MrsMerryHenry · 23/11/2009 12:08

Zeph - quite so, esp your bit about shitting in swimming pools. I do occasionally wonder what happened to Mr Sinner/ Winner, though...and did I mention the time I challenged a loudmouthed, opinionated imam? Oh, dear, why do I get myself into these situations?!

SGB, you asked which religion regards women/ homosexuals as equals/ with respect. I can only speak for my own religion as it's the one I know best. I've actually already answered this question indirectly: when I told slug that she should ask herself not 'why do conservative believers reject women and gays', but 'why do moderate believers accept women and gays'. The answer, I believe, is similar to the answer you would get if you ask this of non-believers. And again I already addressed this several times, when I wrote about personality differences, all people having the propensity for crapness, etc etc.

If someone is bigoted, they are bigoted. They will be bigoted in every context in which they find themselves. They will be bigoted whether they have a faith or not. They will seek information to confirm their bigotry and blank out information which contradicts it. It's a personality thing. Therefore two Christians can look at the same passage of the Bible where it mentions homosexuality or regard for women, and come out with two entirely different interpretations. One will say: 'Well, women in biblical times very much took a secondary role to men and were rarely ever leaders, therefore this is the pattern we will follow today'. The other will say: 'Well, this is very much about the culture of Middle-Eastern life at that time. One could just as well say that Western Christian women in the 21st century all wore skirts with buttons and therefore this is the pattern that everyone should follow.' This is what makes faith a living, breathing entity - it's not about organisations, it's about people and what we bring to our faith. However, there are plumb lines, if you like, which we can use to check ourselves and our chosen interpretations.
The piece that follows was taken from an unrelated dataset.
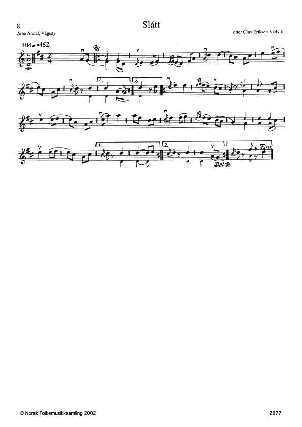Vedvik lærte den helst av faren Erik eller Wilhelm Barmen. Andal er i tvil om slåttetypen: “.. kanskje ein variant av gamalt”. Slåtten har fellestrekk med annet gamaltmateriale, men har også vendinger som med minimale justeringer likner reinlender (jf G7).
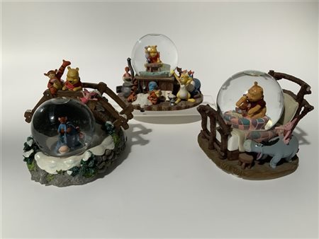 Tre carillon Disney con snow globe a tema "Winnie the Pooh". Vetro e resina policroma (h max cm 15) (lievi difetti)

IMO, if a person's doctrine contradicts the overall message of the Bible, which is about love, love, love, then they need to admit that their interpretation may be wrong and that while they go on contemplating the doctrinal stuff, the one thing they can be certain of is that we are to treat EVERYONE with unconditional love and respect. Of course IMO that means treating gays and women as equals, but maybe I'm biased .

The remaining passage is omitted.